Elizabeth Hofacre, the Cincinnati staffer, said that she started receiving applications from Tea Party groups to sift through in April, 2010. Hofacre’s handling of those cases, she said, was highly influenced by Carter Hull, an IRS lawyer in Washington.
Hofacre said that she integrated questions from Hull into her follow-ups with Tea Party groups, and that Hull had to approve the letters seeking more information that she sent out to those organizations. That process, she said, was both unusual and “demeaning.”
“One of the criteria is to work independently and do research and make decisions based on your experience and education,” Hofacre said, according to transcripts reviewed by The Hill. “Whereas in this case, I had no autonomy at all through the process.”
“I thought it was over the top,” she added, in interviews held by investigators in both parties from the House Oversight and Ways and Means committees. “I am not sure where it came from, but it was a bit unusual.”
Hofacre, who oversaw Tea Party applications from April, 2010, to October, 2010, said Hull eventually became slow to endorse her letters. She eventually took another position within the IRS that year, after dealing with what she called “irate” applicants.
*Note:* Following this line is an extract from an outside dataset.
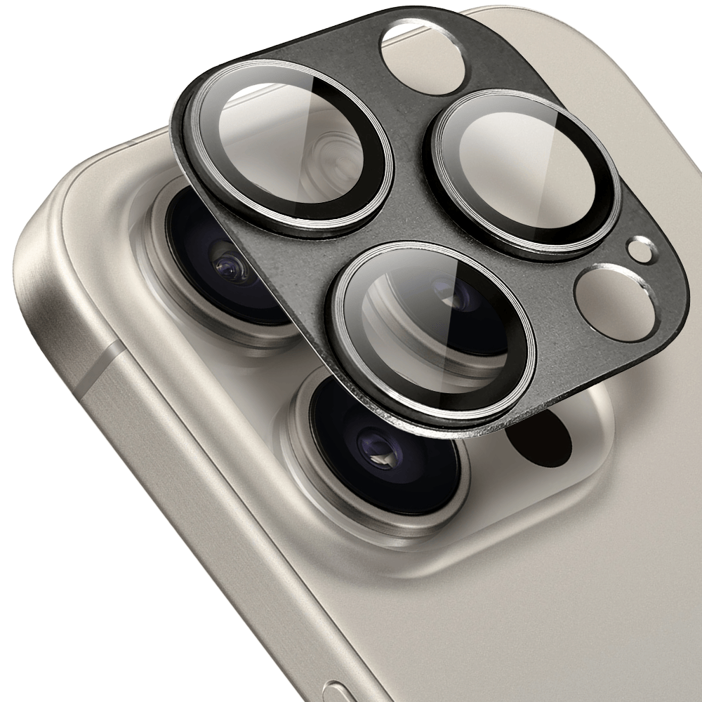 Metalowa osłona na cały aparat z wbudowanymi szkłami do iPhone 15 Pro Max, tytanowa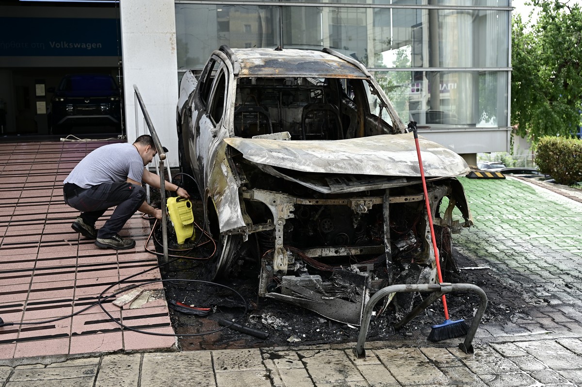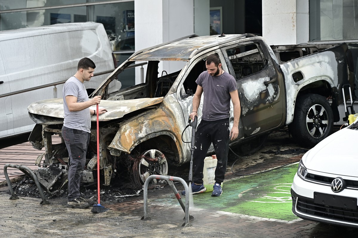 Ο ιδιοκτήτης της αντιπροσωπείας, μιλώντας στην κάμερα του ΕΡΤnews και στον ρεπόρτερ, Κώστα Στάμου, περιέγραψε: «Ήρθαν τρία άτομα. Οι δύο έβαλαν το εύφλεκτο υλικό και τη φωτιά και έφυγαν πεζοί. Φορούσαν μαύρες κουκούλες, μάσκες και μακριά μπουφάν».

“And I see their point,” Hofacre said. “Even if a decision isn’t favorable, they deserve some kind of treatment and they deserve, you know, timeliness.”
The story goes on to state the following entirely unremarkable conclusion:
[t]he investigators’ interviews with Hofacre and another Cincinnati staffer, Gary Muthert, cast some doubt on statements from the former acting IRS commissioner, Steven Miller, and other agency officials that the targeting of Tea Party groups was limited to Cincinnati.